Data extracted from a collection
*** Begin section ***

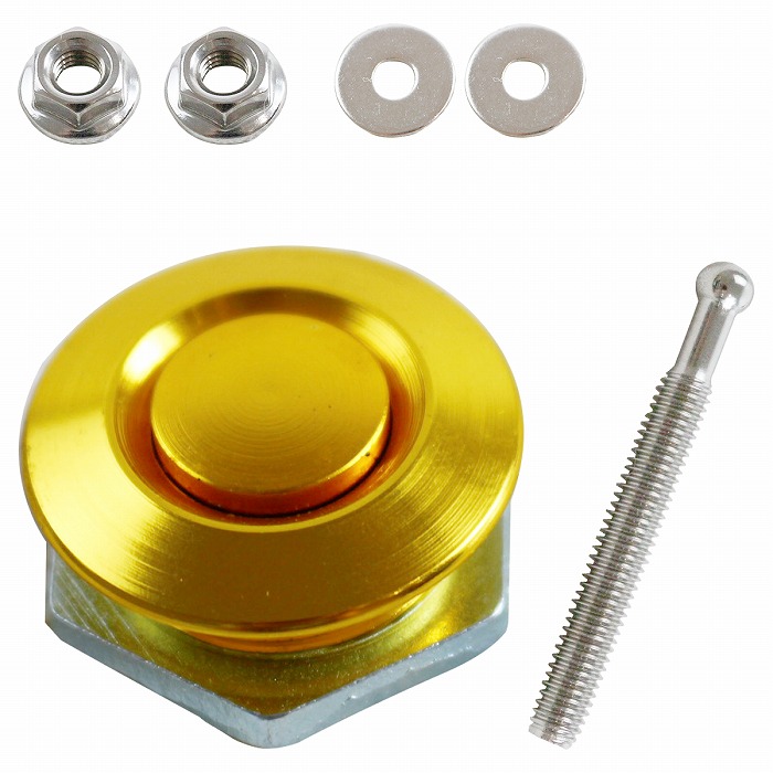 | 汎用 ボンネットピン ボンネットは高速走行時の走行風圧によってあおられ変形・破損の可能性が 否めないため、しっかりと固定する目的で取り付けます。 また、ボンネットの固定だけでなく、ボンネットのドレスアップや JDM/USDM(日本/アメリカ仕様にカスタムすること)などにもお使いいただけます。 【ステンレス製】 ナットなどの取り付け金具はステンレス製で耐食性が抜群です。 【ワンプッシュ式】 ワンプッシュでロック解除出来るので、作業スピードの向上も見込めます。 【汎用タイプ】 ロッド先端がボールジョイントになっているので、 10度前後ほど角度が付いていても取り付け可能です。 |
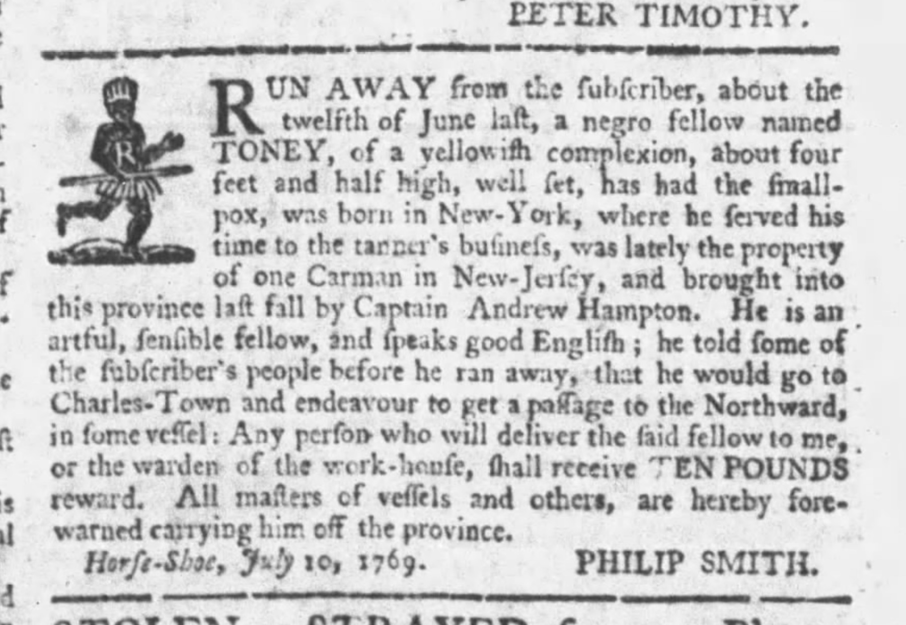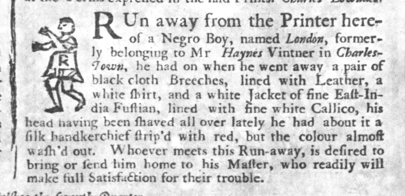 During my career as a student of South Carolina’s early history, I’ve spent a lot of time reading runaway advertisements printed in the newspapers of eighteenth- and nineteenth- century Charleston—not because I’m trying to become an expert on this topic, but because I find them irresistible. Every advertisement represents a fascinating snapshot of a long-forgotten individual who struggled to find peace and dignity within an oppressive situation. From a creative perspective, one could view each runaway advertisement as a miniature short-story, which an imaginative writer could extend into a compelling work of historical fiction. By following clues imbedded within the advertisements and mining other historical resources, it’s also possible to expand some of these newspaper snapshots into larger biographical sketches.
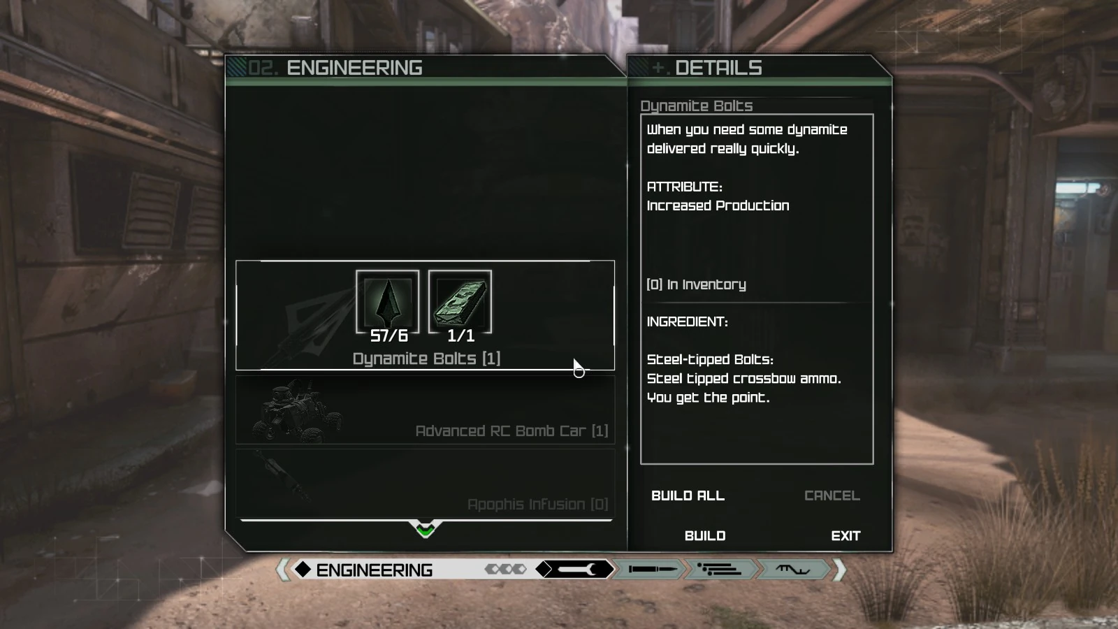 The Dynamite Bolts are an ammunition type and an engineering item featured in RAGE. They are used with the Striker Crossbow. These bolts are created via the corresponding schematic and also found in a few locations throughout the Wasteland.
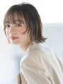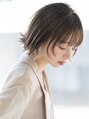 顔まわりのぷつっとレイヤーとイヤリングカラーがデザインポイントのこなれ感外ハネボブ。ほどよく軽さを出しながら切りっぱなしラインは残る毛先の質感でカジュアルな抜け感を。ベースカラーはまろやかに光が透けてほんのりくすむ透明感サンドベージュ。
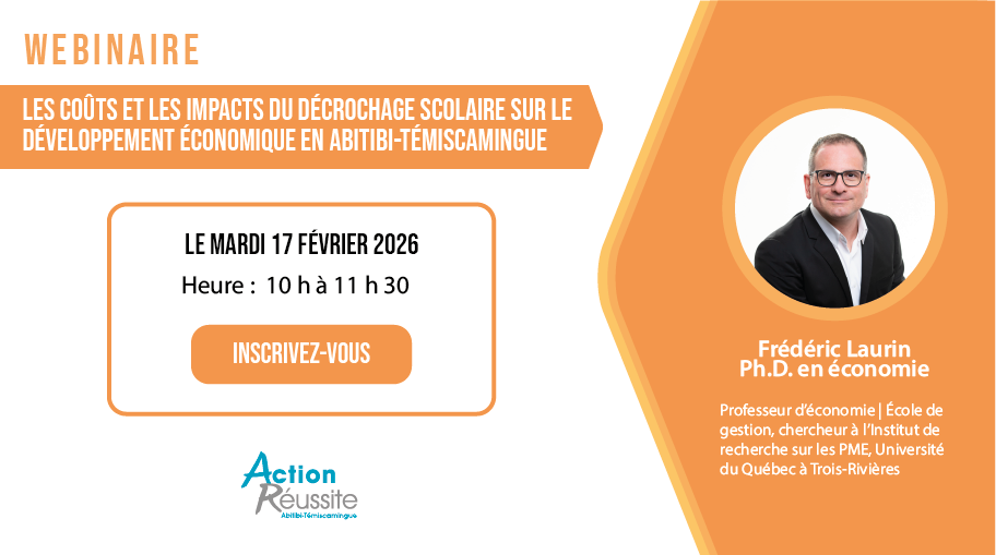 Présentation de l'étude sur les coûts et les impacts du décrochage scolaire sur le développement économique en Abitibi-Témiscamingue par Monsieur Frédéric Laurin, PhD en économie, consultant indépendant et professeur en économie à l’Université du Québec à Trois-Rivières.
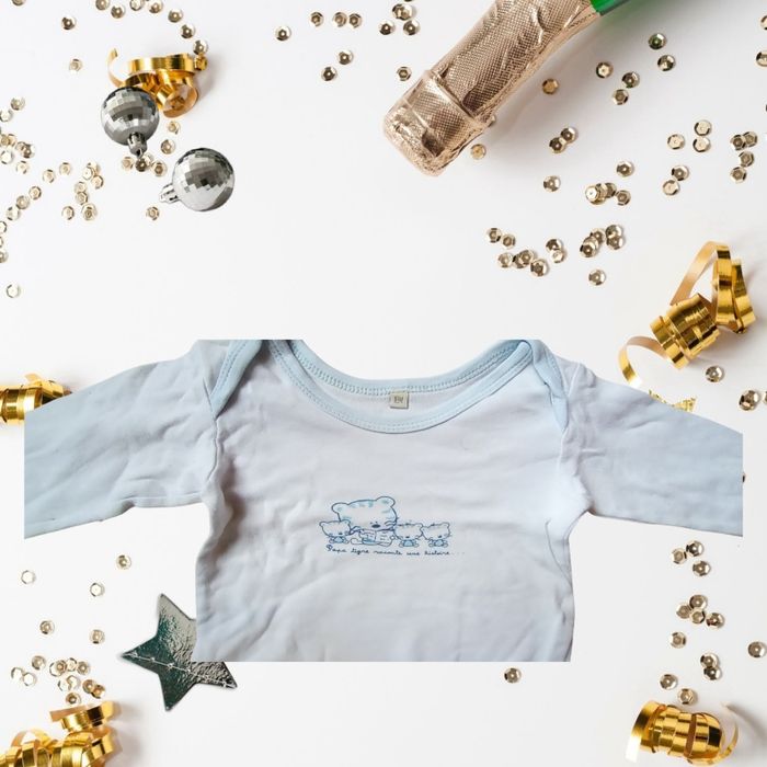 Ce body blanc, aux bords bleus, adorable est l'arme secrète contre l'ennui. L'inscription "Papa tigre raconte une histoire" est un ordre, pas une suggestion !

*** End section ***

Each line from the one bearing "During my career" through the final line of the records is to be copied exactly, and no pictures are to be included.

▸ Task solution:
 During my career as a student of South Carolina’s early history, I’ve spent a lot of time reading runaway advertisements printed in the newspapers of eighteenth- and nineteenth- century Charleston—not because I’m trying to become an expert on this topic, but because I find them irresistible. Every advertisement represents a fascinating snapshot of a long-forgotten individual who struggled to find peace and dignity within an oppressive situation. From a creative perspective, one could view each runaway advertisement as a miniature short-story, which an imaginative writer could extend into a compelling work of historical fiction. By following clues imbedded within the advertisements and mining other historical resources, it’s also possible to expand some of these newspaper snapshots into larger biographical sketches.
 The Dynamite Bolts are an ammunition type and an engineering item featured in RAGE. They are used with the Striker Crossbow. These bolts are created via the corresponding schematic and also found in a few locations throughout the Wasteland.
 顔まわりのぷつっとレイヤーとイヤリングカラーがデザインポイントのこなれ感外ハネボブ。ほどよく軽さを出しながら切りっぱなしラインは残る毛先の質感でカジュアルな抜け感を。ベースカラーはまろやかに光が透けてほんのりくすむ透明感サンドベージュ。
 Présentation de l'étude sur les coûts et les impacts du décrochage scolaire sur le développement économique en Abitibi-Témiscamingue par Monsieur Frédéric Laurin, PhD en économie, consultant indépendant et professeur en économie à l’Université du Québec à Trois-Rivières.
 Ce body blanc, aux bords bleus, adorable est l'arme secrète contre l'ennui. L'inscription "Papa tigre raconte une histoire" est un ordre, pas une suggestion !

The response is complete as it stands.